PAT: Pattern-Perceptive Transformer for Error Detection in Relational Databases
Jian Fu, Xixian Han, Xiaolong Wan, Wenjian Wang
TL;DR
PAT introduces an attribute-aware Pattern-Perceptive Transformer for error detection in relational databases. It uses a Quasi-Tokens Arrangement (QTA) tokenizer to produce fixed-size data tokens and interleaves them with learnable attribute-pattern tokens, enabling joint learning of shared data features and attribute-specific patterns with embeddings of dimension $D$ across $N$ tokens. The method achieves superior F1 on diverse real-world and synthetic datasets and reduces parameters and FLOPs with a compact QTA mode (vs standard multi-detector or large LLM baselines).
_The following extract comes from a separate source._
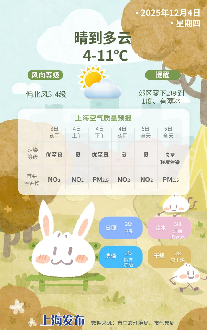 今受辐射降温影响,明天早上为本轮冷空气过程的气温最低点。市区最低气温仅在4度左右,郊区零下2度到1度,有薄冰。白天是晴到多云的天气,最高气温11度。风力减小,偏北风3-4级,相对湿度75%-25%。明日天气提示:白天升温不明显,注意保暖。空气干燥,及时补水,注意用火用电安全。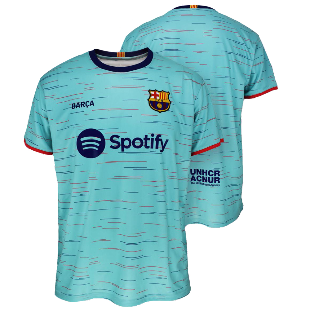 Detský dres FC Barcelona oficiálny produkt sezóny 2023/24 určený pre malých fanúšikov Kataláncov. Farba zelená – tretí dres. Štandardný strih. Sada obsahuje tričko a šortky. Možnosť potlače vlastného mena a čísla. Detský dres FC Barcelona oficiálny obsahuje znaky a logá klubu a je licencovaný FC Barcelonou.

It also provides attention-based explanations to locate and potentially repair erroneous cells, enhancing data cleaning and assessment workflows.
Abstract
Error detection in relational databases is critical for maintaining data quality and is fundamental to tasks such as data cleaning and assessment. Current error detection studies mostly employ the multi-detector approach to handle heterogeneous attributes in databases, incurring high costs. Additionally, their data preprocessing strategies fail to leverage the variable-length characteristic of data sequences, resulting in reduced accuracy. In this paper, we propose an attribute-wise PAttern-perceptive Transformer (PAT) framework for error detection in relational databases. First, PAT introduces a learned pattern module that captures attribute-specific data distributions through learned embeddings during model training. Second, the Quasi-Tokens Arrangement (QTA) tokenizer is designed to divide the cell sequence based on its length and word types, and then generate the word-adaptive data tokens, meanwhile providing compact hyperparameters to ensure efficiency. By interleaving data tokens with the attribute-specific pattern tokens, PAT jointly learns shared data features across different attributes and pattern features that are distinguishable and unique in each specified attribute. Third, PAT visualizes the attention map to interpret its error detection mechanism. Extensive experiments show that PAT achieves excellent F1 scores compared to state-of-the-art data error detection methods. Moreover, PAT significantly reduces the model parameters and FLOPs when applying the compact QTA tokenizer.